■ **Task item**
Leave the pictures out and restate every line below exactly.

■ **Data below**
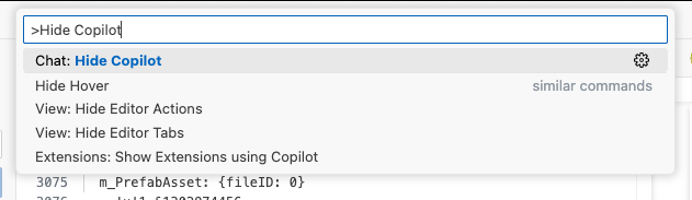 Don't be too alarmed by the AI-powered nonsense Microsoft will try and sell you. You can disable most of the AI "features" via the Command Palette by pressing Shift + Command + P (Mac) or Ctrl + Shift + P (Windows/Linux), or choosing the View menu -> Command Palette..., and typing Chat: Hide Copilot and hitting Return/Enter:
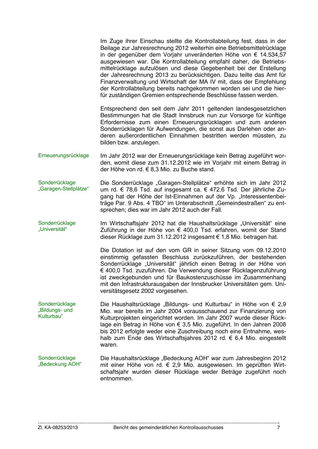 Beilage zur Jahresrechnung 2012 weiterhin eine Betriebsmittelrücklage
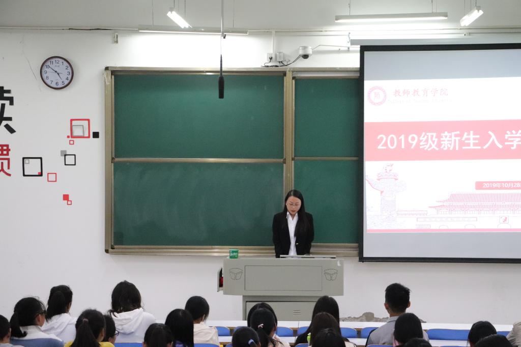 为深入推进“不忘初心、牢记使命”主题教育工作向纵深发展,丰富教育活动内容,拓展学习教育形式,进一步教育和引导师生学习先进典型事例,坚定理想信念,树立远大抱负,不忘立德树人初心,牢记教书育人使命,10月28日,学校党委宣传部和教师教育学院联合邀请了“全国优秀教师”李芳生前所在的信阳市浉河区绿之风希望小学校长王斌、河南省委宣传部李芳先进事迹报告团成员、绿之风希望小学老师赵艳来教师教育学院作李芳同志先进事迹暨师德师风报告,教师教育学院全体教职工党员、学生党员和2019级新生、部分卓越教师实验班学生聆听了报告,报告会由教师教育学院党委副书记潘登主持。

■ **Answer to the problem**
 Don't be too alarmed by the AI-powered nonsense Microsoft will try and sell you. You can disable most of the AI "features" via the Command Palette by pressing Shift + Command + P (Mac) or Ctrl + Shift + P (Windows/Linux), or choosing the View menu -> Command Palette..., and typing Chat: Hide Copilot and hitting Return/Enter:
 Beilage zur Jahresrechnung 2012 weiterhin eine Betriebsmittelrücklage
 为深入推进“不忘初心、牢记使命”主题教育工作向纵深发展,丰富教育活动内容,拓展学习教育形式,进一步教育和引导师生学习先进典型事例,坚定理想信念,树立远大抱负,不忘立德树人初心,牢记教书育人使命,10月28日,学校党委宣传部和教师教育学院联合邀请了“全国优秀教师”李芳生前所在的信阳市浉河区绿之风希望小学校长王斌、河南省委宣传部李芳先进事迹报告团成员、绿之风希望小学老师赵艳来教师教育学院作李芳同志先进事迹暨师德师风报告,教师教育学院全体教职工党员、学生党员和2019级新生、部分卓越教师实验班学生聆听了报告,报告会由教师教育学院党委副书记潘登主持。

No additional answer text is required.